So I learned how to build a linear regression model manually in the “Build a Machine Learning Model” skill path, specifically in the “Supervised Learning: Regression” module, and more specifically in the “Linear Regression” lesson (https://www.codecademy.com/paths/machine-learning/tracks/regression-skill-path/modules/linear-regression-skill-path/lessons/linear-regression/exercises/introduction).
Using the information I learned in the lesson, I created the following code chunk:
import matplotlib.pyplot as plt
def get_gradient_at_b(x, y, b, m):
N = len(x)
diff = 0
for i in range(N):
x_val = x[i]
y_val = y[i]
diff += (y_val - ((m * x_val) + b))
b_gradient = -(2/N) * diff
return b_gradient
def get_gradient_at_m(x, y, b, m):
N = len(x)
diff = 0
for i in range(N):
x_val = x[i]
y_val = y[i]
diff += x_val * (y_val - ((m * x_val) + b))

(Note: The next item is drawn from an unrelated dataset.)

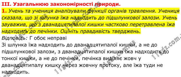 ІІІ. Узагальнюю закономірності природи. 1. Учень та учениця аналізували функції органів травлення. Учениця сказала, що зі шлунка їжа надходить до підшлункової залози. Учень заува¬жив, що з дванадцятипалої кишки частково перетравлена їжа надходить до печінки. Оцініть правдивість тверджень. Відповідь: Г обоє неправі Зі шлунка їжа надходить до дванадцятипалої кишки, а не до підшлункової залози, з дванадцятипалої кишки їжа надходить до тонкої кишки, а не до печінки, печінка виділяє жовч у дванадцятипалу кишку через жовчну протоку, але їжа туди не надходить.

m_gradient = -(2/N) * diff
return m_gradient
#Your step_gradient function here
def step_gradient(b_current, m_current, x, y, learning_rate):
b_gradient = get_gradient_at_b(x, y, b_current, m_current)
m_gradient = get_gradient_at_m(x, y, b_current, m_current)
b = b_current - (learning_rate * b_gradient)
m = m_current - (learning_rate * m_gradient)
return [b, m]
#Your gradient_descent function here:
def gradient_descent(x, y, learning_rate, num_iterations):
b = 0
m = 0
for i in range(num_iterations):
b,m = step_gradient(b, m, x, y, learning_rate)
return [b,m]
months = [1, 2, 3, 4, 5, 6, 7, 8, 9, 10, 11, 12]
revenue = [52, 74, 79, 95, 115, 110, 129, 126, 147, 146, 156, 184]
#Uncomment the line below to run your gradient_descent function
b, m = gradient_descent(months, revenue, 0.01, 1000)
#Uncomment the lines below to see the line you've settled upon!
y = [m*x + b for x in months]
plt.plot(months, revenue, "o")
plt.plot(months, y)
plt.show()
And this code chunk does very well and generates me a nice looking scatterplot with a line of best fit:
Now, my problem arises when I get to the corresponding project to this lesson. In the project you are advised to use a prewritten regression model from the SKLearn library, which is fine, but I was curious to see if the one I had used in the previous lesson would work for this problem. So I tried to use the one codecademy had taught me to create myself, but the line wouldn’t generate, saying the B, and M were not numbers (nan). I was wondering why this is the case? I’ve been troubleshooting for a few hours and I feel I did a good job of implementing the model I was taught to make on the data from this project.
Here it is below, does anyone have an idea as to why this doesn’t generate me a line of best fit?
import matplotlib.pyplot as plt
import numpy as np
import pandas as pd
def get_gradient_at_b(x, y, b, m):
N = len(x)
diff = 0
for i in range(N):
x_val = x[i]
y_val = y[i]
diff += (y_val - ((m * x_val) + b))
b_gradient = -(2/N) * diff
return b_gradient
def get_gradient_at_m(x, y, b, m):
N = len(x)
diff = 0
for i in range(N):
x_val = x[i]
y_val = y[i]
diff += x_val * (y_val - ((m * x_val) + b))
m_gradient = -(2/N) * diff
return m_gradient
def step_gradient(b_current, m_current, x, y, learning_rate):
b_gradient = get_gradient_at_b(x, y, b_current, m_current)
m_gradient = get_gradient_at_m(x, y, b_current, m_current)
b = b_current - (learning_rate * b_gradient)
m = m_current - (learning_rate * m_gradient)
return [b, m]
def gradient_descent(x, y, learning_rate, num_iterations):
b = 0
m = 0
for i in range(num_iterations):
b,m = step_gradient(b, m, x, y, learning_rate)
return [b,m]
df = pd.read_csv('honeyproduction.csv')
prod_per_year = df.groupby('year').mean().reset_index()
X = prod_per_year['year']
X = X.values.reshape(-1, 1)
y = prod_per_year['totalprod']
b, m = gradient_descent(X, y, 0.01, 1000)
y_predictions = [m*x + b for x in X]
plt.plot(X,y,'o')
plt.plot(X,y_predictions)
plt.xlabel("Years")
plt.ylabel("HoneyBee Production Per Year (Lbs)")
plt.show()
It just spits the scatterplot out with no line.